Простой инцидент — забастовка пекарей в Москве — послужил началом всеобщей стачки, которая вскоре охватила всю Москву, включая все её профессии, а из Москвы распространилась по всей России. Страдания рабочих во время той всеобщей забастовки были ужасны, но они выстояли. Весь железнодорожный трафик прекратился, и в Москву не доставлялись ни продовольствие, ни топливо. Не выходили газеты, за исключением прокламаций забастовочных комитетов. Тысячи пассажиров, тонны писем, горы товаров скопились на станциях. Петербург вскоре присоединился к забастовке, и там рабочие также продемонстрировали чудеса организации. Ни газа, ни электричества, ни трамваев, ни воды, ни извозчиков, ни почты, ни телеграфа! Фабрики молчали, город погрузился во тьму. Затем энтузиазм неимущих классов постепенно увлёк за собой и остальных. Приказчики в магазинах, служащие банков, учителя, актеры, адвокаты, аптекари — даже судьи присоединились к стачке. Вся страна бастовала против собственного правительства, и бастующие поддерживали столь строгий порядок, что не давали никаких поводов для вмешательства войск и расправ. Возникли комитеты рабочих представителей, и им беспрекословно подчинялись стотысячные толпы, заполнявшие улицы Петербурга и Москвы.

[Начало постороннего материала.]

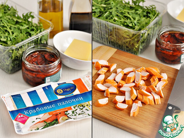 Для этого нам понадобится руккола, крабовые палочки, вяленые томаты, пармезан, оливковое масло и крем-бальзамик.

Паника в царском окружении достигала апогея. Его обычные консервативные советники оказались столь же ненадежными, какими были «красные каблуки» в окружении Людовика XVI. Тогда — лишь тогда — Николай II призвал графа Витте и согласился 30 октября подписать конституционный манифест. Он заявлял в нём о своей «непреклонной воле» «даровать населению незыблемые основы гражданской свободы на началах действительной неприкосновенности личности, свободы совести, слова, собраний и союзов». С этой целью он повелел избрать Государственную думу и пообещал «установить как незыблемое правило, чтобы никакой закон не мог воспринять силу без одобрения Государственной думы», и чтобы выборным от народа «было обеспечено действительное участие в надзоре за закономерностью действий поставленных от власти начальников».

Два дня спустя, когда заполнявшие петербургские улицы толпы направлялись штурмовать две главные тюрьмы, граф Витте добился от него также дарования практически всеобщей амнистии политических заключённых.

Эти обещания вызвали колоссальный энтузиазм, но, увы, вскоре они были нарушены во многих важнейших пунктах.

Как явствует теперь из только что опубликованного официального документа — доклада директора Департамента полиции Лопухина премьер-министру Столыпину, — в самый момент ликования толп на улицах монархическая партия организовала наемные банды для истребления празднующих масс. Офицеры жандармерии в спешке отпечатали собственными руками воззвания, призывающие к резне «интеллигентов и евреев» и утверждающие, будто те являются наймитми японцев и англичан. Два епископа, Никон и Никандр, в своих пастырских посланиях призывали всех «истинных русских» «усмирить интеллигенцию силой», тогда как с паперти Иверской часовни в Москве доморощенные ораторы пытались подбить толпу на убийство всех студентов.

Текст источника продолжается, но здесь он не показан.